Mélanger les genres et faire que la sororité et le féminisme rejoignent le western, pourquoi pas, cela donne parfois de belles surprises. Et c'est avec le souvenir des belles lectures de
Calamity Jane,
Glendon Swarthout,
Ron Rash,
Céline Minard ou
Marion Brunet – sans oublier Astier et sa venin – que j'ai plongé dans
Hors-la-loi de
Anna North, traduit par
Jean Esch.
Quittant foyer et famille pour échapper aux sévices mortels promis aux sorcières ne pouvant donner d'enfant à leur mari, Ada trouve refuge dans les Big Horns du Wyoming, parmi les femmes du gang du Hole in the Wall et leur chef le Kid qui les a recueillies une à une et veille sur elles avec bienveillance entre deux hold-ups.
Ada s'y épanouit et entrevoit son rêve de se rendre un jour dans le Colorado pour y rencontrer Alice Schaeffer, la sage-femme américaine la plus en pointe sur la santé des femmes en cette fin de XIXe siècle, afin d'apporter, comme sa mère avant elle, sa part d'assistance à ses soeurs.
Encore faut-il réussir le dernier gros coup avec le Kid et la bande, qui les rendra riches et libres d'atteindre leurs rêves respectifs et pour Ada, une forme de rédemption et de quiétude tant attendue.
C'est une lecture surprenante que ce livre qui mélange épopée épique d'une bande de
hors-la-loi avec tous les codes du genre (braquages, poursuites, shérifs, chariots, chevaux, pendaisons…) et thèmes féministes transplantés à une époque où on ne les appréhendait probablement pas encore tels-quels.
North parsème ainsi sa trame romanesque d'évocations des troubles de la santé féminine, de l'infécondité (et de la sorcellerie qui y est alors associée), de l'émancipation, de l'avortement, de l'homosexualité ou des changements de genre.

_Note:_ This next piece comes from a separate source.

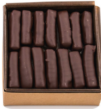
Gingembrettes 190g : 19,00 €
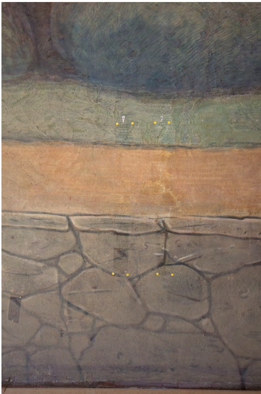
Detail zkoušek snímání povrchových nečistot a ztenčování druhotných zásahů, denní osvětlení.

Sans oublier la culpabilité qui en retombe sur les femmes et reste toujours difficile à transposer.
« Si tu sais pourquoi ce drame est arrivé, si tu peux rejeter la faute sur quelqu'un ou quelque chose, parfois c'est suffisant pour te permettre de continuer à vivre. »
Tout cela fait parfois un peu beaucoup au regard de l'époque, mais ça fonctionne. J'aurais cependant aimé une tonalité encore plus sombre pour donner davantage de souffle qui manque parfois. Reste cependant une lecture originale et plaisante mais qui me laisse un peu sur ma faim…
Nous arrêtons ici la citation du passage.